No tuvo maestros, y no siempre fue vallenato. En sus inicios también interpretó boleros,
tangos y rancheras, de allí su canción favorita Allá en el rancho grande.
Al final, para eso componía. A las mujeres les hacía canciones por dos razones: por venganza o para
conquistarlas. Pero, en últimas, lo hacía para que lo quisieran, porque al componer lo aplaudían y en
esa media se sentía una persona. En ocasiones, estas interpretaciones no le trajeron aplausos.
La mamá de una vecina lo insultó porque creyó que trataba de conquistar a su hija con las
canciones mexicanas.

El describía acordeón como un aparato pequeño, con muchas teclas o botones que se
oprimen con los dedos. Pero el verdadero significado que tuvo para él es que el
instrumento es la vida de un pueblo. 

Solía como todos los días hacer una oración, desayunar café, jugo y arepa con carne y
queso. Se ponía uno de sus seis pares de zapatos blancos y no se soltaba del brazo de Ivo,
uno de sus tantos hijos fue el unico que heredó su talento y que prefieria decirle maestro
que papá. En ocasiones especiales se vestian igual, y con el tiempo él se convirtió en sus
oídos, en su interlocutor, porque a Leandro los años le arrebataron de a poco su única
inspiración.

Leandro creció solitario. La primera palabra que dijo, según me contó su tía Erotida hace
un par de años, fue “gallo”: el canto que oía todos los días al amanecer. 

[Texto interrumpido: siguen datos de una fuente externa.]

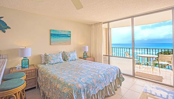 Die Unterkunft umfasst ein Schlafzimmer, ein Badezimmer, Bettwäsche, Handtücher, einen TV mit Kabelkanälen, einen Essbereich, eine voll ausgestattete Küche und einen Balkon mit Meerblick.

el hombre que vivió en tinieblas porque Dios quiso dejarle sin oficio uno
de sus sentidos para cambiárselos por ojos en el alma, tuvo motivos
valederos para estar feliz porque un escultor quiso añadirle un
monumento a su inmortalidad. Un monumento que está ubicado en el
lugar exacto, el lugar donde Leandro Díaz, el maestro ciego del vallenato
comenzó a granjearse su fama a través de sus bellos cantos.